Все в том же унынии пошел я проведать брата Михайлу. Он болен и в гошпитале. У них теперь строгости, меня не хотели было пропустить, и я сидел недолго. Бедняк мне обрадовался. Хотя начальство еще скрывает о войне, но военные приготовления очевидны для всех. Он был в оживлении; вспоминал детство наше в тверском сельце – далеко и давно прошедшее: как матушка сажала хлебы в печь и как запах хлеба казался нам тогда самым прекрасным из всего существующего. Я было про это забыл. Слухи о войне его не пугают. Он просил об определении в армию и, кажется, его получит. Рассуждал довольно здраво о невыгодах для французов движения в неприятельской земле. Он сказал мне, что когда его угнетает печаль или обида, то сам себе говорит: «Не робей, Михаило Петров» – и это его поддерживает. Так и теперь: «Не робей, Михаило Петров» – взденет ранец, тесак в руки и пошел.

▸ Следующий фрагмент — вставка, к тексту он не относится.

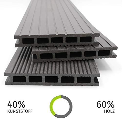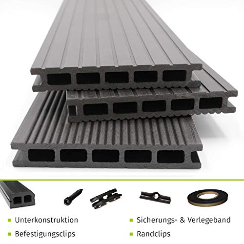 HORI® WPC-Terrassendielen Malta anthrazit I Komplett-Set inkl. 28×50 mm Unterkonstruktion & Clips I Dielenlänge 3,20 m I Fläche 50 m²
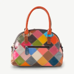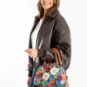 External Features: Front encrusted with multicolour leather flowers, each with central silver studs. Back is multicolour diamond leather patchwork. Zip pocket on back. All silver hardware

Какой же вид любви карамзинской присутствует у бедного солдата Михаилы?

Только ли людям образованным дан сей разум, без которого любовь к отечеству невозможна? И что такое образованность? Истинная, как небо от земли, далека от светской, мелочной.

Прочел у Жан-Жака о воспитании: «Чем подвигаются сердца и как они начинают любить отечество и законы его? Осмелюсь ли сказать? Играми детей, предметами бездельными в глазах людей поверхностных, но образующими драгоценные привычки и непобедимые связи».

«Воспитание должно дать сердцам форму народную и так направлять мнения и вкусы, чтобы они стали патриотами по склонностям своим, по страстям, по необходимости. Республиканец истинный да всосет с молоком своей матери любовь к отечеству, к законам его и к свободе. Ежели он одинок – он ничто; ежели он не имеет отечества – он более не существует; и ежели он не умер – он хуже, чем мертвец» (Жан-Жак).

Вспомнил о брате Михаиле; подумал о Михаиле Михайловиче; о полуигрушечном воспитании, о котором говорил он мне. Нужно обращаться без всякой детскости, они, кажется, все лучше понимают, что о них думают. Беда потакать их слабостям: нынче в моду вошли томные взгляды, старчество (Горчаков), меж ними какая-то щеголеватая шаткость.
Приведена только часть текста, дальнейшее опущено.